Anterior segment development does not require sox10 function. A) WISH detecting expression of eya2 in 48hpf embryos from in-crosses of pitx2sny15/+, foxD3sym1/+ or sox10cls/+. Proportion of embryos with corresponding expression phenotypes are displayed. Approximately 25% of embryos from pitx2sny15/+ or foxD3sym1/+ in-crosses display the absence of eya2 expression, while 100% of embryos from sox10cls/+ crosses show wildtype levels of expression at 48hpf. B) WISH detecting expression of pitx2 in 48hpf embryos from in-crosses of pitx2sny15/+, foxD3sym1/+ or sox10cls/+. Proportion of embryos with corresponding expression phenotypes are displayed. Approximately 25% of embryos from pitx2sny15/+ or foxD3sym1/+ in-crosses display the absence of pitx2 expression, while 100% of embryos from sox10cls/+ crosses show wildtype levels of expression at 48hpf. C) Whole mount dorsal images and cryosections of wildtype, tfap2asa2445/sa2445, foxD3sym1/sym1, sox10cls/cls or sox10CRISPR. Cranial structures, improperly set eyes, as well as the anterior segment (Magenta rectangle representing the enlargement) thickness and organization are malformed in tfap2asa2445/sa2445, foxD3sym1/sym1 larva but not in sox10cls/cls or sox10CRISPR. Toluidine blue staining of 6dpf old eyes reveals a thinned cornea (red *) and irregular shape of the ICA (magenta arrow) in tfap2asa2445/sa2445 and foxD3sym1/sym1 larvae, but not in sox10cls/cls or sox10CRISPR.

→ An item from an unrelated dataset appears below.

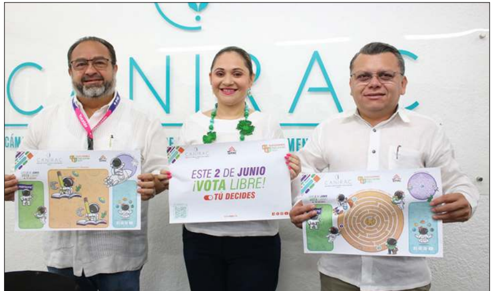
▲ Una de los incentivos de la Canirac en conjunto con los restaurantes es el café gratis, o, en su defecto, algún otro producto que se incluya en cada menú, así como distintas ofertas o descuentos.

“Esta es una muestra más del compromiso de nuestra industria con el bienestar de

Transcriptomic comparison between sox10, foxD3 and foxC1b derived cNCCs. A) Principal component analysis comparing 48hpf Tg[sox70:GFP] (blue), Tg[foxD3:GFP] (red) and Tg[sox10:GFP] (green) isolated cNCC/POM transcriptomes. Each dot represents one biological replicate. Variance between the samples is least between foxD3 and foxC1b data sets which cluster together and far apart from sox10 samples. B) Cluster analysis of the biological replicates indicates a close relationship between foxD3 and foxC1b derived samples and a significant divergence from sox10 derived samples. Numerous genes are found to be differentially expressed between the foxD3/foxC1b and sox10 samples. C) Ontology enrichment analysis identifies sox10 datasets to exhibit an upregulation in pigmentation, muscle and hematopoietic biological pathways compared to ASM related processes such as keratinization.